Thank you respectfully for your assistance!
import gensim from keras import backend from keras.layers import Dense, Input, Lambda, LSTM, TimeDistributed from keras.layers.merge import concatenate from keras.layers.embeddings import Embedding from keras.models import Mode pretrained_embeddings_path = "GoogleNews-vectors-negative300.bin" word2vec = gensim.models.KeyedVectors.load_word2vec_format(pretrained_embeddings_path, binary=True) --------------------------------------------------------------------------- ValueError Traceback (most recent call last) <ipython-input-3-23bd96c1d6ab> in <module>() 1 pretrained_embeddings_path = "GoogleNews-vectors-negative300.bin" ----> 2 word2vec = gensim.models.KeyedVectors.load_word2vec_format(pretrained_embeddings_path, binary=True) C:UsersgreenAnaconda3envspy35libsite- packagesgensimmodelskeyedvectors.py in load_word2vec_format(cls, fname, fvocab, binary, encoding, unicode_errors, limit, datatype) 244 word.append(ch) 245 word = utils.to_unicode(b''.join(word), encoding=encoding, errors=unicode_errors) --> 246 weights = fromstring(fin.read(binary_len), dtype=REAL) 247 add_word(word, weights) 248 else: ValueError: string size must be a multiple of element size
you have to write the complete path.
use this path:
The below commands no longer work work.
brew install wget wget -c "https://s3.amazonaws.com/dl4j-distribution/GoogleNews-vectors-negative300.bin.gz"

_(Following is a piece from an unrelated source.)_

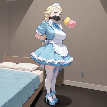 鸡毛掸子属于面板口塞风格的一部分,如果你省略鸡毛掸子,它会显著地显现出来。鸡毛掸子本身是随机生成的,若加上双臂置于背后的提示会非常有帮助,因为模型不知道该把鸡毛掸子放在哪里,只能作为口塞附件使用。成功率大约是50/50。它可能会附着在嘴部的任何物体上(仅测试过面板和球形)。这某种程度上创造了一个锚点(如口交、手指吮吸等)。

This downloads the GZIP compressed file that you can uncompress using:
gzip -d GoogleNews-vectors-negative300.bin.gz
You can then use the below command to get wordVector.
from gensim import models w = models.KeyedVectors.load_word2vec_format( '../GoogleNews-vectors-negative300.bin', binary=True)
try this –
import gensim.downloader as api wv = api.load('word2vec-google-news-300') vec_king = wv['king']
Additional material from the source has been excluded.